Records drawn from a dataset

_ _ _

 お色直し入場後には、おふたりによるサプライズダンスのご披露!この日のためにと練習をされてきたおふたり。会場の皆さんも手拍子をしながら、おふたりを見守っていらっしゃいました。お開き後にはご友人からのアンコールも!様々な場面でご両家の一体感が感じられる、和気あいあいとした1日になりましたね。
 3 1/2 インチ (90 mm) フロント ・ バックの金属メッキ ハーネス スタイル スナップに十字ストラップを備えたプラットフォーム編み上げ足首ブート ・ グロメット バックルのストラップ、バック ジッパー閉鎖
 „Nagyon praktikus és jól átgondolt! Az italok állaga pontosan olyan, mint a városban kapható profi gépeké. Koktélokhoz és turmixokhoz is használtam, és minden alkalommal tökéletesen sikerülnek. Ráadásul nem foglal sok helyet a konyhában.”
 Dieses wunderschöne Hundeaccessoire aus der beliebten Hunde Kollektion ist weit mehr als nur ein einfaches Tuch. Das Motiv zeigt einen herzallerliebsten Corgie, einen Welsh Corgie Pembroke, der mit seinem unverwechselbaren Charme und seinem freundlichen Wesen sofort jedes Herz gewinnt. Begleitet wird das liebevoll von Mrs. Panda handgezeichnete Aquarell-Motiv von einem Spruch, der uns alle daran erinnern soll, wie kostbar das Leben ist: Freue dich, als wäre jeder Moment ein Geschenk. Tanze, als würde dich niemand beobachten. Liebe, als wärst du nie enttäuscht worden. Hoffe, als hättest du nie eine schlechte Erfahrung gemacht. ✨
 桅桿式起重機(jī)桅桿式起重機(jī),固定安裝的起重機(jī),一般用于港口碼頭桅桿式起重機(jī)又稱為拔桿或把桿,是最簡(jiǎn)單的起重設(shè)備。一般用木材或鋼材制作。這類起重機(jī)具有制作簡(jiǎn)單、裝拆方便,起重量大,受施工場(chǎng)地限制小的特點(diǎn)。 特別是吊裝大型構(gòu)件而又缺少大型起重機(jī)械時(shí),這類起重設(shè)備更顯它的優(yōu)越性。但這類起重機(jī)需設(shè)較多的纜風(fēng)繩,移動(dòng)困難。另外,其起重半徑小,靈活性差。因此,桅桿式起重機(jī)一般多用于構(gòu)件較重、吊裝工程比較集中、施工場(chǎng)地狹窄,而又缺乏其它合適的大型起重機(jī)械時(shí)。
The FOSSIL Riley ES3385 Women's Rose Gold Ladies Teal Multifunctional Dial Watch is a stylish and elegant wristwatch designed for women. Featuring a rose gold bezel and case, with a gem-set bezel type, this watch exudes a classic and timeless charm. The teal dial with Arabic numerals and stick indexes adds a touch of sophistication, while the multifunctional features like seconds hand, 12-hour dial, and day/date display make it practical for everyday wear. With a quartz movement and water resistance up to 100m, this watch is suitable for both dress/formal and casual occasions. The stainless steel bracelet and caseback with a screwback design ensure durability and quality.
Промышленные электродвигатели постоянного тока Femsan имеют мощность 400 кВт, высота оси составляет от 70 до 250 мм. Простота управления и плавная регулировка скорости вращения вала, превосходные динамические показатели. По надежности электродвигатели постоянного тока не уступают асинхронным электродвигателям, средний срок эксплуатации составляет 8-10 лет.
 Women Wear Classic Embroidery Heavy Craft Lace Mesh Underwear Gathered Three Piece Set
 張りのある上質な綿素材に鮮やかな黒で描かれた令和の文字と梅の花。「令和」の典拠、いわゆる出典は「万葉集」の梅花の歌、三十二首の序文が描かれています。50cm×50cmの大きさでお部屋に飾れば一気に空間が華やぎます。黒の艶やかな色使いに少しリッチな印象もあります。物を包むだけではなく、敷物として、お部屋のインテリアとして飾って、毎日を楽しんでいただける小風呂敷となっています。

_ _ _

*PROBLEM REQUIREMENTS:*
In the entries above, find each line that has the word "Women". Copy it.

*TASK RESULT:*
The FOSSIL Riley ES3385 Women's Rose Gold Ladies Teal Multifunctional Dial Watch is a stylish and elegant wristwatch designed for women. Featuring a rose gold bezel and case, with a gem-set bezel type, this watch exudes a classic and timeless charm. The teal dial with Arabic numerals and stick indexes adds a touch of sophistication, while the multifunctional features like seconds hand, 12-hour dial, and day/date display make it practical for everyday wear. With a quartz movement and water resistance up to 100m, this watch is suitable for both dress/formal and casual occasions. The stainless steel bracelet and caseback with a screwback design ensure durability and quality.
 Women Wear Classic Embroidery Heavy Craft Lace Mesh Underwear Gathered Three Piece Set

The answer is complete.